1301101/-UP-KThe user initiated a shutdown but the app was forcefully killed by the kernel during shutdown. This can be the case if the image doesn't support a clean app exit or the app crashed after receiving a termination signal. Unikraft Cloud ignores the exit_code in this scenario.
700111/--PAKUnikraft Cloud initiated the shutdown (for example, due to scale-to-zero). The app and kernel have exited. The exit_code and stop_code show if the app and kernel shut down cleanly.
300011/---AKThe app exited. The exit_code and stop_code show if the app and kernel shut down cleanly.
100001/----KThe instance likely experienced a fatal crash and the stop_code contains more information about the cause of the crash.
000000/-----The stop reason is unknown.

There can be a short delay of a few milliseconds between the instance reaching the stopped state and Unikraft Cloud updating the stop_reason (or vice versa).

Exitcode

The app exit code is what the app returns upon leaving its main entry point. The encoding of the exit_code is app specific. See the documentation of the app for more details. An exit_code of 0 indicates success or no failure.

Stopcode

Unikraft Cloud defines the stop_code by the kernel and has the following encoding irrespective of the app.

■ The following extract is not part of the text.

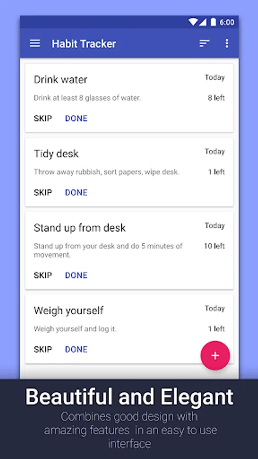 Habit Tracker follows modern Android design guidelines to make sure you have a consistent experience.

Bits31 - 24 (8 bits)23 - 16 (8 bits)15 [T]14 - 8 (7 bits)7 - 0 (8 bits)
Desc.Reserved3errnoshutdown_bitinitlvlreason

Reason

The reason can be any of the following values:

ValueSymbolScenario
0OKSuccessful shutdown.
1EXPThe system detected an invalid state and actively stopped execution to prevent data corruption.
2MATHAn arithmetic CPU error (for example, division by zero).
3INVLOPInvalid CPU instruction or instruction error (for example, wrong operand alignment).
4PGFAULTPage fault - see errno for further details.
5SEGFAULTSegmentation fault.
6HWERRHardware error.
7SECERRSecurity violation (for example, violation of memory access protections).

A reason of 0 indicates a clean shutdown. Ignore the other bits of stop_code when checking for a crash.

Init level

initlvl indicates the initialization or shutdown phase at stop time. A level of 127 means the instance was executing the app.

Shutdown bit

shutdown_bit indicates the system was shutting down.

Error number

errno is a Linux error code number that provides more detail about the root cause.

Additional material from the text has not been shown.